Femicide kavramının tanımı ile kadınlar üzerindeki kırım politikalarının bireysel, istisnai değil bir politika olduğunu ortaya koymuştur. Daha sonra hem Birleşmiş Milletler hem Dünya Sağlık Örgütü kadın kırım (femicide/feminicide) kavramını benimseyip, bunu tanımladılar. Birleşmiş Milletler 2016’da yayımlanan raporunda, kadın kırımını şöyle değerlendirir: “Kadın kırımı kadınlara karşı şiddetin en aşırı biçimidir. Ve kadın – erkek eşitsizliğinin en büyük tezahürüdür. Kadınlar öldürüldüğünde bu neredeyse her zaman onların erkeklerle mahrem ilişkileri içinde veya bir erkek cinsel şiddeti sonucunda olmuştur. Kadınların maruz kaldıkları cinayetler erkeklerin maruz kaldıkları cinayetlerden yapısal olarak farklıdır. Erkekler tanımış oldukları veya tanımadıkları erkekler arası şiddetin mağdurudurlar.”

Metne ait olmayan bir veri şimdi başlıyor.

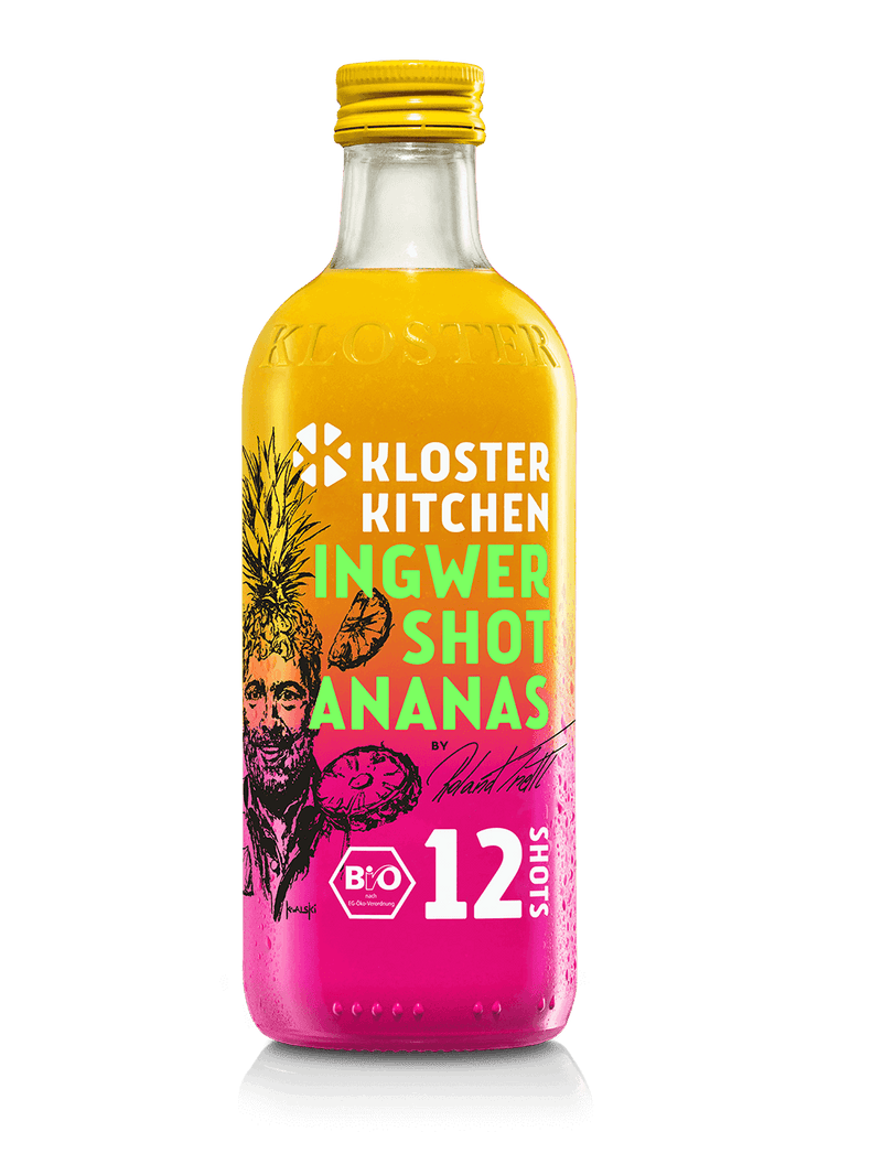 Ob 12SHOTS für zu Hause oder 1SHOT für unterwegs. Jeder Kloster Kitchen Ingwer Shot ist nichts weniger als pure Inspiration für den Geist statt nur irgendein langweiliger Shot.

Kadın kırımının (femicide) bulunduğumuz yüzyılda giderek tartışmalarının yoğunlaşmasının esas sebebi nedir? Ataerkil sistem üzerine kurumlaşan kapitalist sistemin kadın üzerindeki sömürü mekanizmalarını derinleştirmesi ve yaygınlaştırmasından kaynaklanır. Bu sistem kadın emeğini, bedenini sömürecek araç ve yöntemler geliştirerek kadını en işlevli meta kılmış. Bu açıdan kadınlar bu sistemin derin sömürgesi görülmektedir. Genelde günlük olarak işlenen kadın cinayetleri esasta ataerkil gelenek, devlet, kapitalizm ve egemen erkeğin ittifakının bir sonucunda gerçekleşir. Unutmayalım ki, erkeğe her türlü hakkı tanıyan, şiddeti meşrulaştıran, kadını suçlu, erkeği haklı kılan mekanizmalar şiddetin süreklileşmesinin dayanaklarını oluşturur. Her ne kadar iktidarcı devletlerin yasasında veya kanununda cezai yaptırımlar olsa da erkek, kadın kırımını gerçekleştirmede geri kalmamakta. Yasalara öyle kılıflar uydurulur ki her koşul altında kadın suçlu bulunmakta. Mevcut durumun altını kazıdığımızda güçlü ittifak açığa çıkmaktadır.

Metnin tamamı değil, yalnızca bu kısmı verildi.